Williams v. Eastpointe Community Schools
This text of Williams v. Eastpointe Community Schools (Williams v. Eastpointe Community Schools) is published on Counsel Stack Legal Research, covering District Court, E.D. Michigan primary law. Counsel Stack provides free access to over 12 million legal documents including statutes, case law, regulations, and constitutions.
Opinion
UNITED STATES DISTRICT COURT EASTERN DISTRICT OF MICHIGAN SOUTHERN DIVISION
RENITA M. WILLIAMS,
Plaintiff, Case No. 2:23-cv-12155
v. Honorable Susan K. DeClercq United States District Judge EASTPOINTE COMMUNITY SCHOOLS, and CHRISTINA GIBSON,
Defendants. _____________________________________/
ORDER GRANTING DEFENDANTS’ MOTION TO QUASH SUBPOENA (ECF No. 28)

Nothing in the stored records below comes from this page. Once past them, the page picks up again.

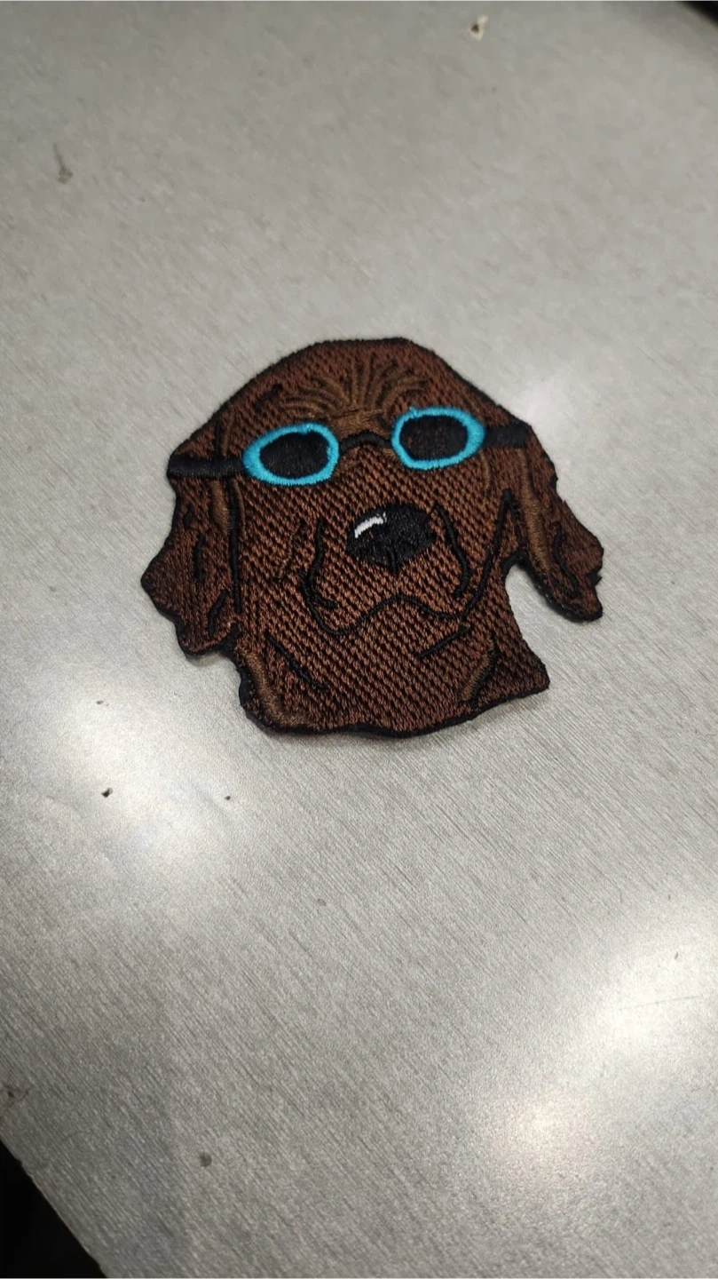 Cute embroidered patch featuring a brown dog wearing blue sunglasses. This iron-on patch is perfect for customizing jackets, bags, or hats. It's made from durable embroidered fabric.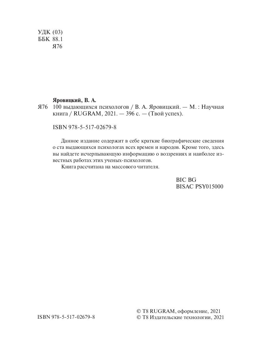 Данное издание содержит в себе краткие биографические сведения о ста выдающихся психологах всех времен и народов. Кроме того, здесь вы найдете исчерпывающую информацию о воззрениях и наиболее известных работах этих ученых-психологов.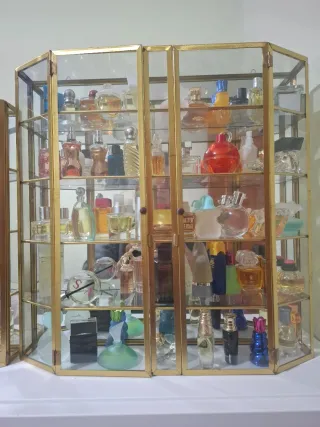In vendita vetrina in vetro con o senza collezione di miniature di profumi: 80€ tutto, 60€ solo vetrina. Con specchio sul fondo e ganci per appendere a parete. Design in vetro e metallo dorato.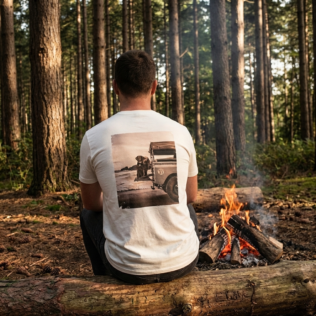Ce t-shirt s’adresse aux amoureux de nature, de surf trips, de camping sauvage et de defender. Il capture l’essence des moments simples et authentiques : un feu de camp, une forêt de pins, l’océan à l’horizon.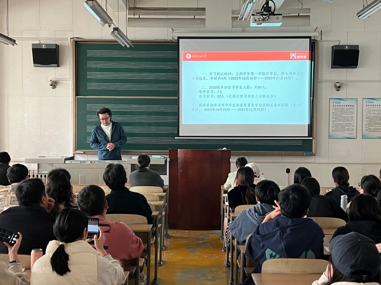 10月9日上午,音樂系2020級學生實習動員會在雁塔校區(qū)東方石油樓1511教室召開。音樂系副主任張帆、學生科科長兼畢業(yè)班輔導員白雨可、實習指導教師劉璽參加會議。
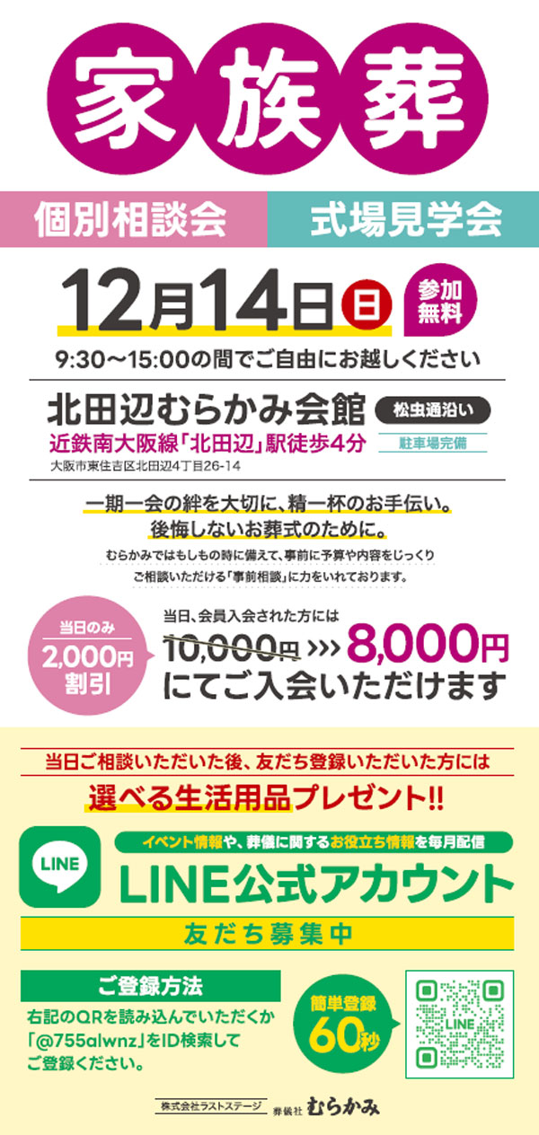 このたび、「北田辺むらかみ会館」にて、家族葬に関する個別相談会と式場見学会を開催いたします。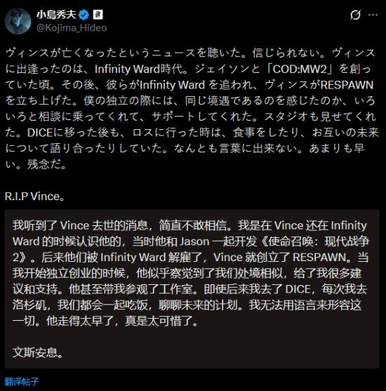 业界知名游戏制作人小岛秀夫也发文为其悼念,小岛秀夫表示: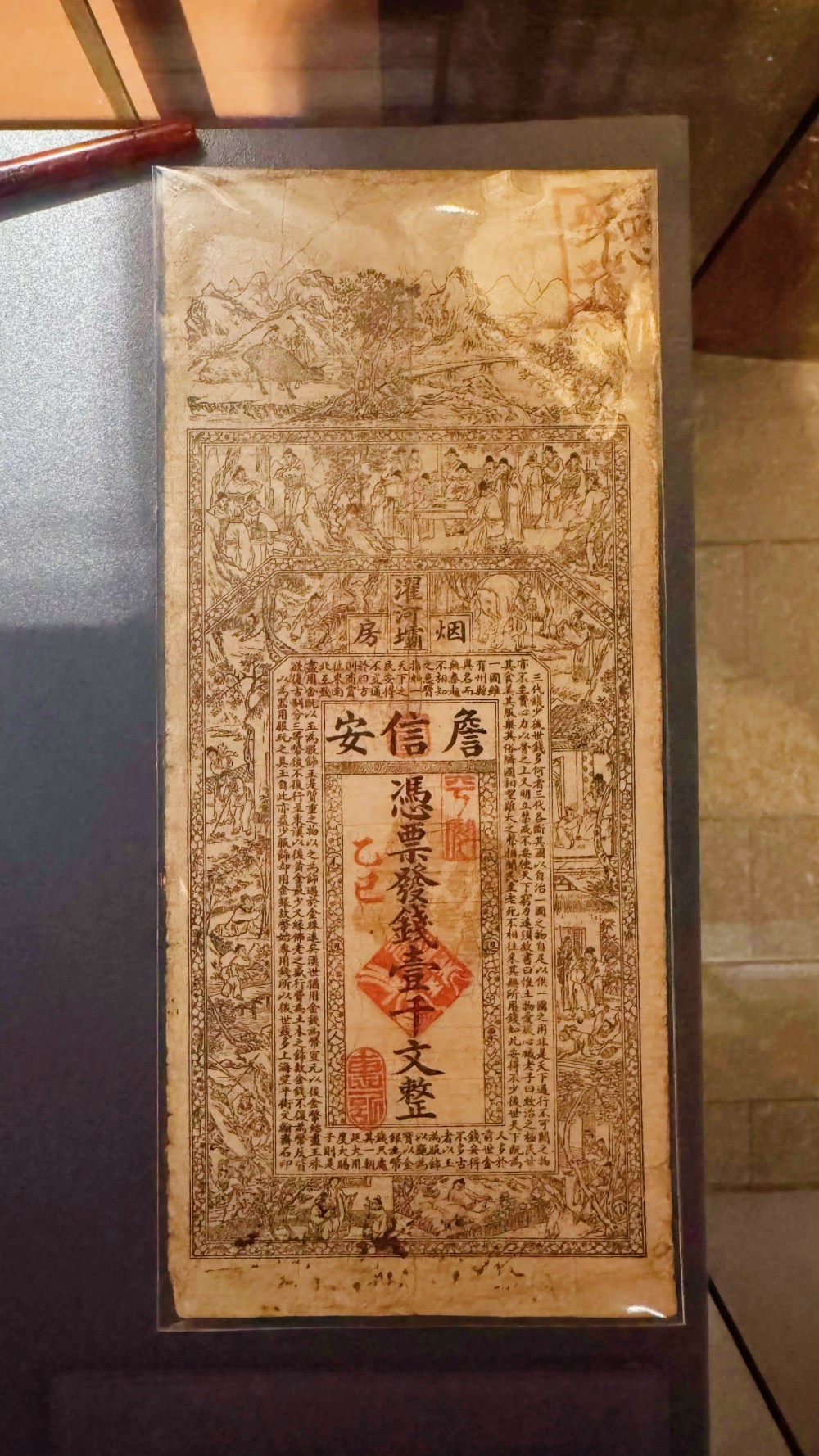 票面首段,蒲花邦畿水鬈曲入画;中段,濯水官宦商贸图景鲜美纯真;下书“凭票发钱一千文整”,价值正经;底部十孝图纹路细密,《资产歌》文字混沌。票背则了了注明“每月十五日兑银圆”,范例汇兑年王法。

In this case, Plaintiff Renita M. Williams, a former assistant principal for Eastpointe Community Schools, alleges that Defendants Eastpointe Community Schools and Christina Gibson discriminated and retaliated against her because of her race, and created a hostile work environment. See ECF No. 1. Fact discovery closed on January 2, 2025.1 See ECF No. 21. But over three months later—on April 8, 2025—Plaintiff served a subpoena on non-party Diane
1 On the same day that fact discovery closed, Defendants filed a motion to compel Plaintiff’s attendance at an independent medical examination (IME). ECF No. 24. On January 10, 2025, Counsel for all parties attended a virtual status conference, during which it was agreed that Plaintiff would attend an IME beyond the fact- discovery deadline due to scheduling conflicts. Importantly, however, no other exceptions to the fact-discovery cutoff were discussed. Haack, commanding her to appear for a deposition just eight days later. See ECF No. 28 at PageID.179–80.

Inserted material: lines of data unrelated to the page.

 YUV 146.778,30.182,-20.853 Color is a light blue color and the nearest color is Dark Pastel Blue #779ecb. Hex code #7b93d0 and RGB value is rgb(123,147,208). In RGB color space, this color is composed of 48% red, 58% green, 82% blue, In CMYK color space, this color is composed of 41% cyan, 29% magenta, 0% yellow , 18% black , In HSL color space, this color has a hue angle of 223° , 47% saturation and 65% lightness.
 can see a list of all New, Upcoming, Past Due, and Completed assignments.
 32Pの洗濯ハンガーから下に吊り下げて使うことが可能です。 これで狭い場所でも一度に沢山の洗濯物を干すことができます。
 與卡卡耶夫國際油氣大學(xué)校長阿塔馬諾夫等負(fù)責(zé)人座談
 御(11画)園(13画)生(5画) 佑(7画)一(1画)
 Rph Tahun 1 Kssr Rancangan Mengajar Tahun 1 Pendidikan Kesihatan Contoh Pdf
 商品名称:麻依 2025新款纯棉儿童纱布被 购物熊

Now before the Court is Defendants’ Motion to Quash Plaintiff’s Subpoena for Non-party Diane Haack’s Deposition. ECF No. 28. Defendants seek to quash the subpoena because it was served beyond the close of fact discovery and provided only
eight days for compliance, which Defendants assert is unreasonable. Id. As explained below, Defendants’ motion will be granted to the extent that the April 8, 2025, subpoena, see ECF No. 28 at PageID.179–80, will be quashed. Generally, a party has “‘no standing to seek to quash a subpoena directed to a
non-party.’” Underwood v. Riverview of Ann Arbor, No. 08-CV-11024-DT, 2008 WL 5235992, at *1 (E.D. Mich. Dec. 15, 2008) (quoting United States v. Wells, No. 06- 10589, 2006 WL 3203905, at *2 (E.D. Mich. Nov. 3, 2006)). But if the moving party
shows that the third-party subpoena would violate their privilege or a personal right, they may have standing. Mann v. Univ. of Cincinnati, 114 F.3d 1188 (6th Cir. 1997). The party seeking to quash a third-party subpoena must meet a heavy burden of proof. Wells, 2006 WL 3203905, at *2. For example, a party who makes no claim of
privilege or personal right considering the heavy burden lacks standing to quash a third-party subpoena. Underwood, 2008 WL 5235992, at *1. Defendants have not made such a showing here—but that does not foreclose their ability to challenge the
subpoena entirely. Unlike a motion to quash, a motion for a protective order is available to “a party or any person from whom discovery is sought.” FED. R. CIV. P. 26(c)(1). Courts
in the Sixth Circuit have interpreted the mention of “a party” as allowing parties to file a motion for a protective order for a non-party. See Fleet Bus. Credit Corp. v. Hill City Oil Co., Inc., No. 01-2417-GV, 2002 WL 1483879, at *2 (W.D. Tenn. Jun.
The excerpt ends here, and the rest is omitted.